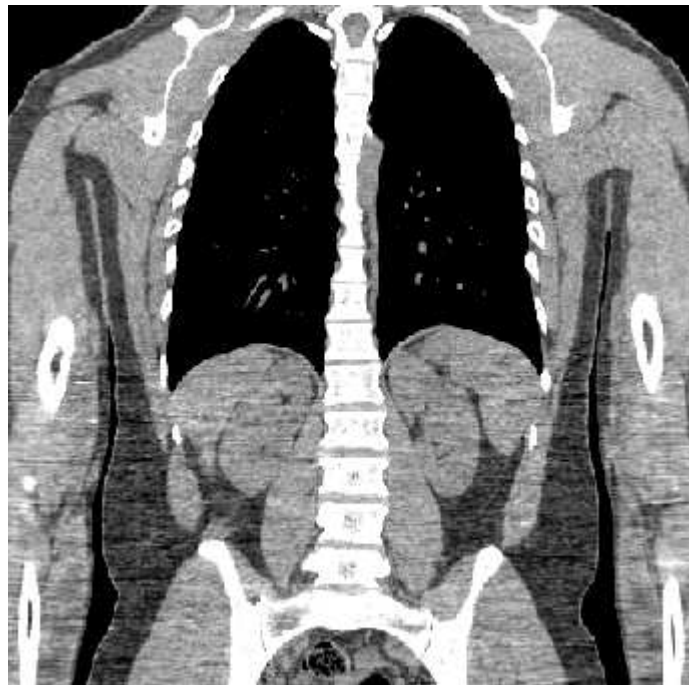
Imagen 89. Ejemplo de tomografía del cuerpo humano

El formato genérico del archivo de DICOM consiste en dos partes: header seguido inmediatamente por un data set de DICOM. El data set de DICOM contiene la imagen o las imágenes especificadas. El header contiene sintaxis de transferencia UID (identificador único) que especifica la codificación y la compresión del data set.
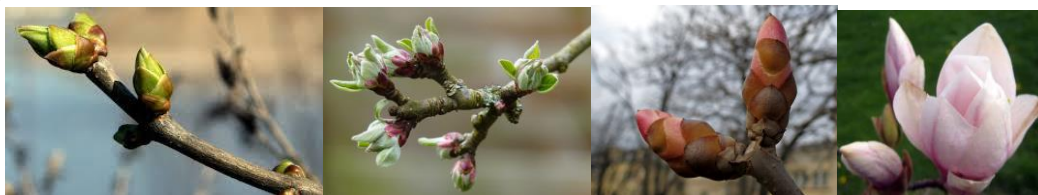
9.-12.att.Iedvesmas avoti darbam “Pavasaris” – iedvesmas avots – pumpuri
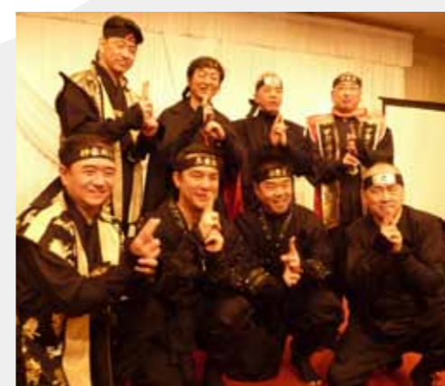
▲日本忍者協議会設立記者会見の様子

「忍者の日」 2月22日の前後には、甲賀流忍者復活の狼煙を上げるため、まずは3つの取り組みを実施します。
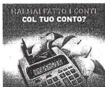
La locandina dell'evento.

Appuntamento sabato 30 gennaio nei 250 Family Banker Office di tutta Italia per "fare i conti col tuo conto", cioè per sapere esattamente quanto il tuo conto corrente rende e quanto ti costa, e confrontarlo con il conto corrente Freedom. L'appuntamento è un'occasione, per i non-clienti della Banca, anche per sperimentare lo stile Mediolanum nei rapporti fra Banca e cliente. Per sapere l'ora di inizio e termine dell'iniziativa contattare il Family Banker Of-
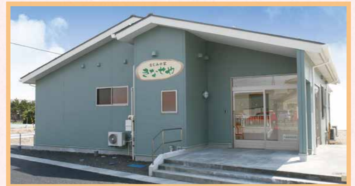
街なかの住宅地にあります。
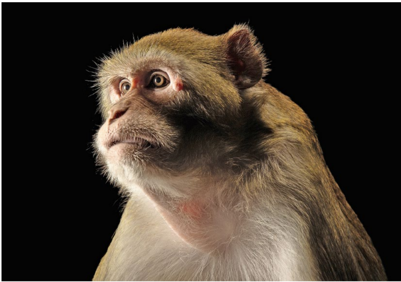
Rhesusaffe: An solchen Tieren sollen in Zürich Gehirnprozesse erforscht werden.
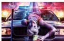
ハーレイ・クインの華麗なる覚醒 Birds of Prey 3/20金
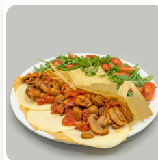
Crep farcit de xampinyons, tomàquet cherry de Viladecans caramelitzat i mozzarella.
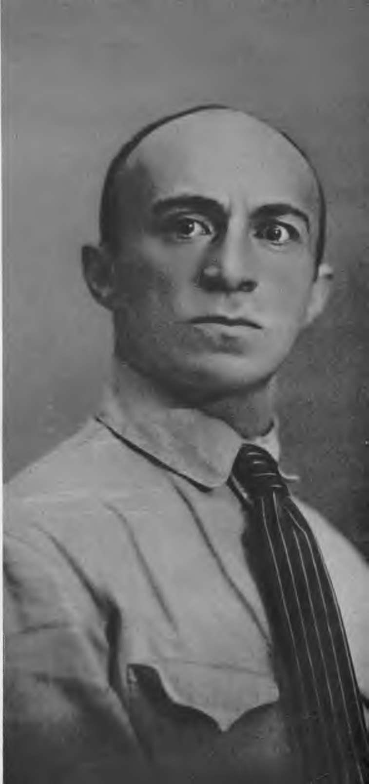
С. М. МИХОЭЛС. 1919
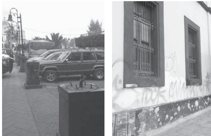
Figura 3. Condiciones de deterioro de luminarias y grafiti en fachadas del Centro Histórico

Los principales obstáculos mencionados por los entrevistados dentro de la Plaza Juárez fueron la presencia de comercio informal y la aglomeración de personas en determinadas horas del día (salida y entrada de estudiantes principalmente). Un problema percibido de manera generalizada por los peatones del Centro Histórico es la basura que no sólo da un mal aspecto, sino también produce malos olores y da pie a la generación de fauna nociva (uno de los entrevistados menciona haber visto ratones en las jardineras de la Plaza). Durante la observación de campo se pudo constatar que una gran parte de los residuos en la vía pública proviene de los productos ofrecidos por los puestos ambulantes (principalmente alimentos), así como la insuficiencia y ubicación de los contenedores de basura, lo cual orilla a que ésta sea depositada –inadecuadamente– en otros sitios.
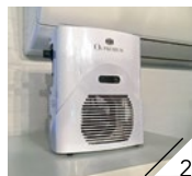
2.東京都の救急車に設置率100%の高除菌空気清浄機O3PREMIUMでしっかりウイルス対策。「換気するより安全」と言われるほどの殺菌力。

私のサロン 吹田市山田西4-16-5 営/10時~19時 7/16(金)・17(土)休み、 日・祝定休 カード利用可 ☎06-6875-1577
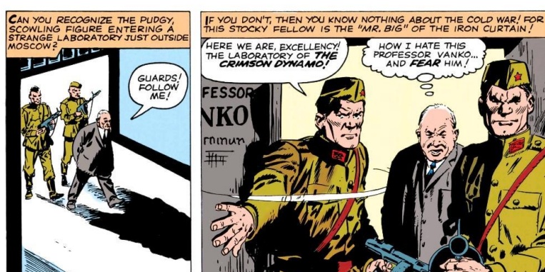
Imagen 14: Stan Lee, R. Berns, Don Hecks y Art Simek, Tales of Suspense #46 (Marvel Comics, octubre de 1963), 2. Acervo Digital Marvel Unlimited.

Siguiendo con la narrativa de los enemigos de Thor , en Tales of Suspense ( Cuentos de Suspenso ) también presentan a los comunistas como traidores y despiadados tanto con sus enemigos como entre ellos mismos. El ejemplo más claro de esto ocurre en los números 42 y 46. En el primero, el villano a vencer, conocido como “El bárbaro rojo” quiere robar algunos planos de los inventos de Stark para su causa, por lo que contrata a un espía que puede tomar cualquier forma. Lo interesante de esta trama es la primera aparición informal de Jrushchov. 133
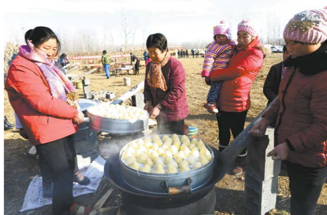
村民支起大锅蒸窝头，让来自城里的市民们品尝。
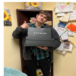
Estudiante UHY Donación de zapatos
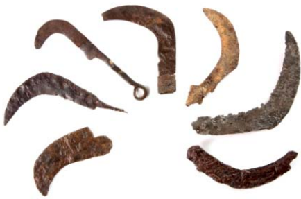
Serpettes romaines découvertes en Valais, IIe siècle-VIIe/VIIIe siècles apr. J.-C.

Archéologie cantonale et Musée d'histoire, Sion
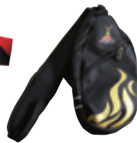
選手限定バッグ (アジア大会 2010) 1名様
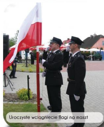
Uroczyste wciągnięcie flagi na maszt
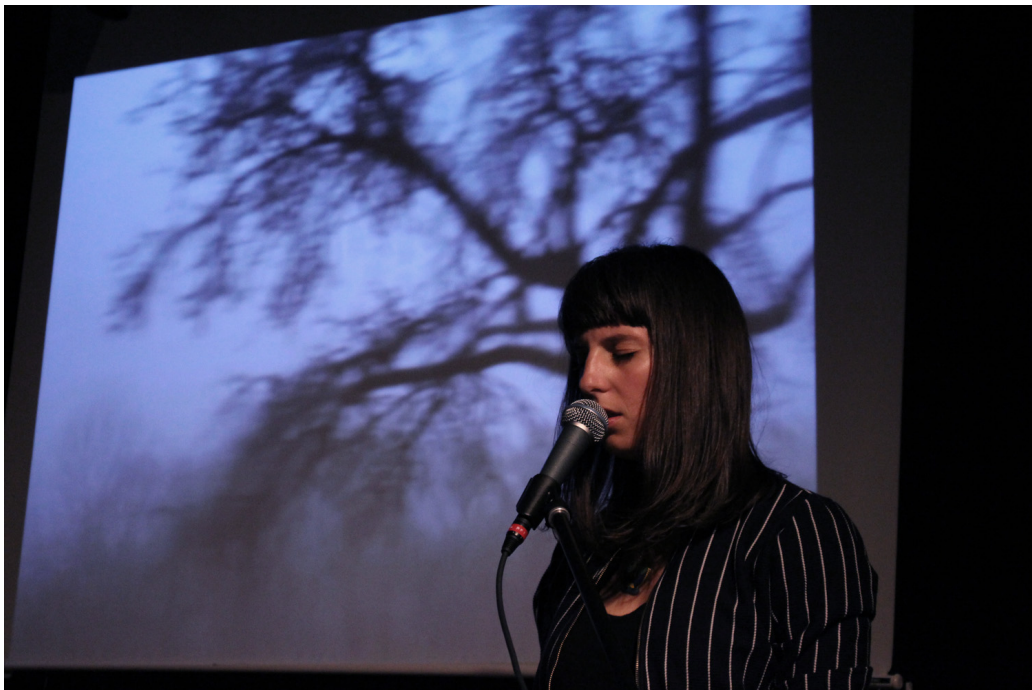
By The Waterhole - live i Tokyo
# # #
Activity:
Your answer should reproduce each line of the listing that holds the word "Suspense".

Task output:
Imagen 14: Stan Lee, R. Berns, Don Hecks y Art Simek, Tales of Suspense #46 (Marvel Comics, octubre de 1963), 2. Acervo Digital Marvel Unlimited.
Siguiendo con la narrativa de los enemigos de Thor , en Tales of Suspense ( Cuentos de Suspenso ) también presentan a los comunistas como traidores y despiadados tanto con sus enemigos como entre ellos mismos. El ejemplo más claro de esto ocurre en los números 42 y 46. En el primero, el villano a vencer, conocido como “El bárbaro rojo” quiere robar algunos planos de los inventos de Stark para su causa, por lo que contrata a un espía que puede tomar cualquier forma. Lo interesante de esta trama es la primera aparición informal de Jrushchov. 133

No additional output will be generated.